Tek düze bir hayatın içerisinde yol alan bedenlerimiz, karanlık bir dehlizde ilerler gibi sağa sola yalpa yapmadan ilerliyor. Bir göz aralığı, bir kalp mesafesi, bir zihin düşlemesi kadar yaşayabildiğimiz bize biçilen zaman diliminde hayattan hiçbir tat alamadan, tattığı yemekten yüzü ekşiyen bir gurme gibi yaşamdan ekşileniyoruz. 
Aşklarımızı bile buzdan kalıplar içerisinde yaşıyoruz. Aynı tezgâhtan çıkan elbiseler gibi değişmeyen ve bir daha da değişmeyecek olan kelimeler ve cümlelerle yaklaşırız karşı cinse. Düşünce iklimimizde ki zevklerimiz de olduğu gibi, bedenlerimizin de aldığı zevk ve hazlar aynı kalıbın ürünüdür. 
Buzdan ve soğuk…
Neden soğuk, kalıplaşmış buzdan bir yaşamın içerisinde, farklı olmayan, bir başkasına ait, kendimiz olduğunu zannettiğimiz ancak asla biz olmayan düşünce ve fikirler ileri atarız. Karşımızdaki insanın ne düşündüğünü ne hissettiğini hissetmeden ve önemsemeden buzdan düşüncelerimizle karşı koymaya çalışırız. Oysa o düşünceler bize ait değildir. Biz değil. Biz olmayan, düşünce sıcaklığını, fikir uyuşmazlığını dikkate bile almadan, aşkı sadece bedenlerin birleşmesi olarak gören buzdan kalıplaşmış zevk ve haz yığınları olarak yer yüzünde dolaşıyoruz. 
Duvarlar koyma aramıza sevgili….
Buzdan…
Keskin duvarlar… 
Acıtan…
Kanatan…
İç ürperten…
Buzdan kalıplaşmış hayatların içerisinden çıkmalı…
Buzdan kalıplaşmış duvarlar koyar sevgili araya…
Hiçbir ısının eritemediği, güneşin asla ısıtamadığı kalıplaşmış buz duvarlar…
Kaldır sevgili bu duvarları…
Küçük bir pencerenin önünde dışarıda lap lapa yağan kara bakıp, baharın ılık demli havasını hissetmeye benzer sevgili buzdan duvarları kıramamak… 
Buzdan kalıplamış duvarları yıkmalı sevgili…

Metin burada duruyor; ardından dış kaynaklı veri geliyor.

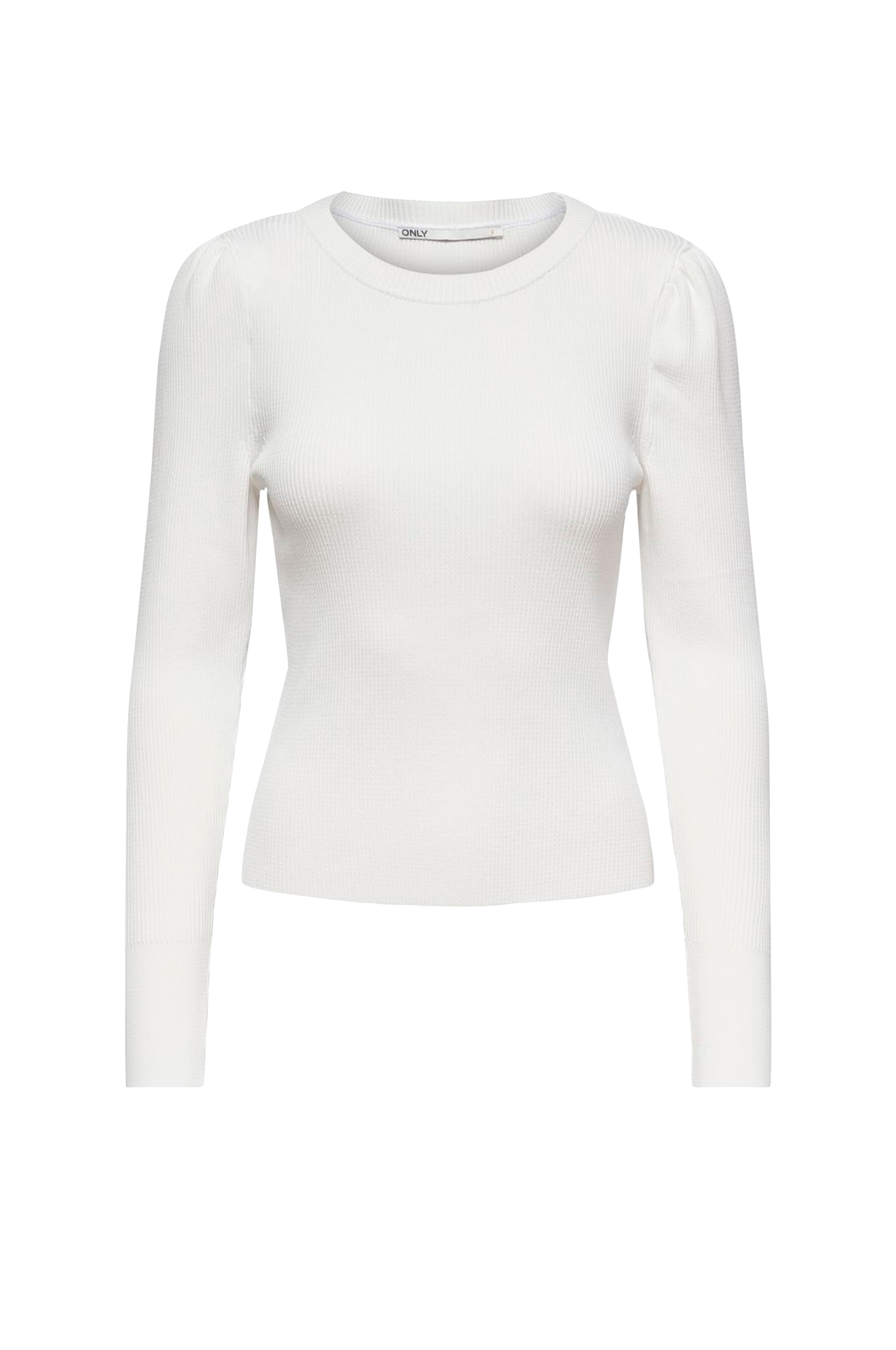 • Ribbestrikket genser• Rund halsringning• Bobleermer• Ribbet mansjetter i ermeslutten
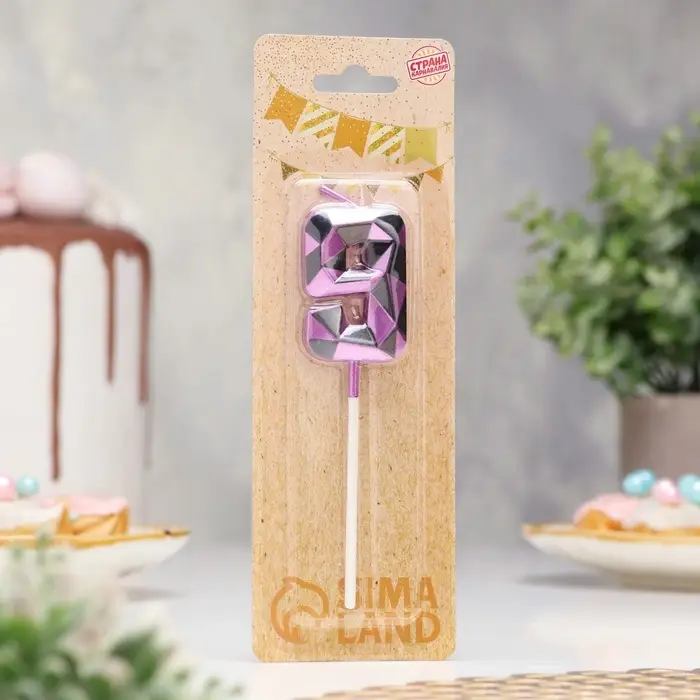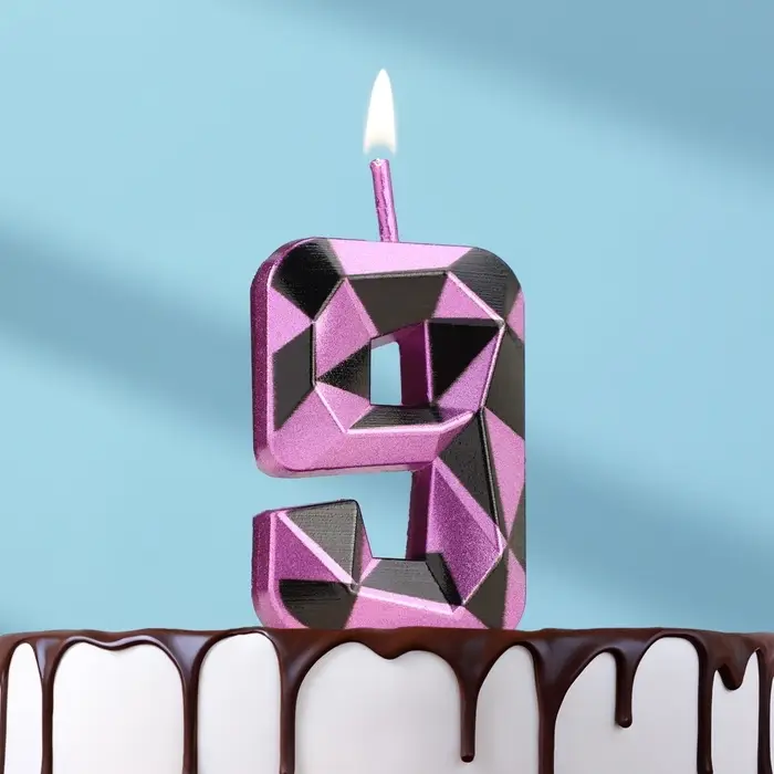 Свеча для торта «Алмаз», цифра 9, фиолетовый металлик
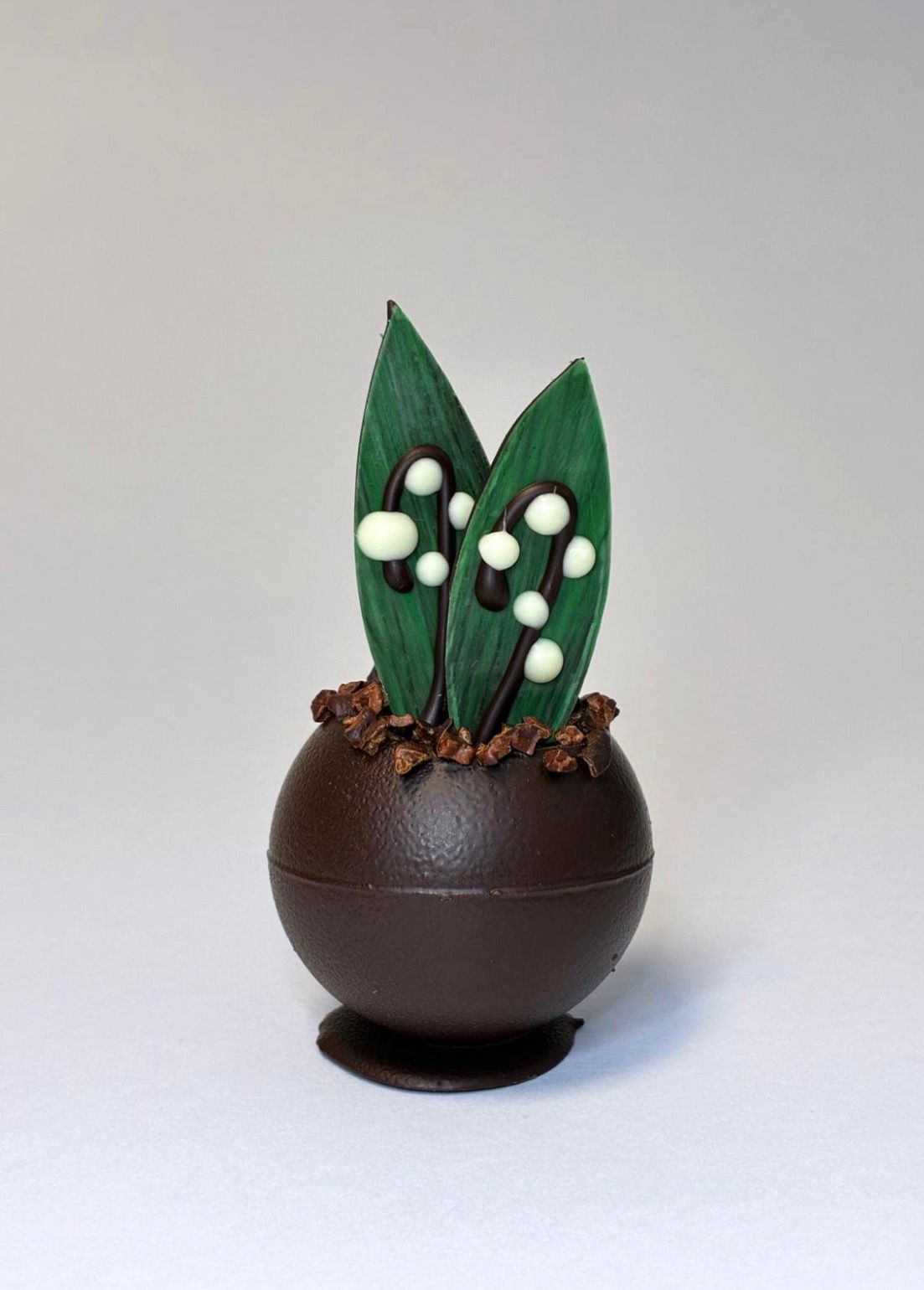Pour célébrer le 1er mai, découvrez nos délicieux pots de muguets en chocolat noir fourré d’un praliné riz soufflé et d’une ganache Colombie. Une douceur gourmande et originale pour offrir ou se faire plaisir.

Elimize geçirdiğimiz kocaman demir balyozlarla kalıplaşmış düş yığını fikirleri kırmak gibi aramızda ki buzdan kalıplaşmış hazları yıkmak…
Koca bir şehre hapsedilmiş insan yığınları arasında met cezir yaşayan kaç insan vardır. İnsanı en çok gelgitler yıpratır. Kararsız gelgitler.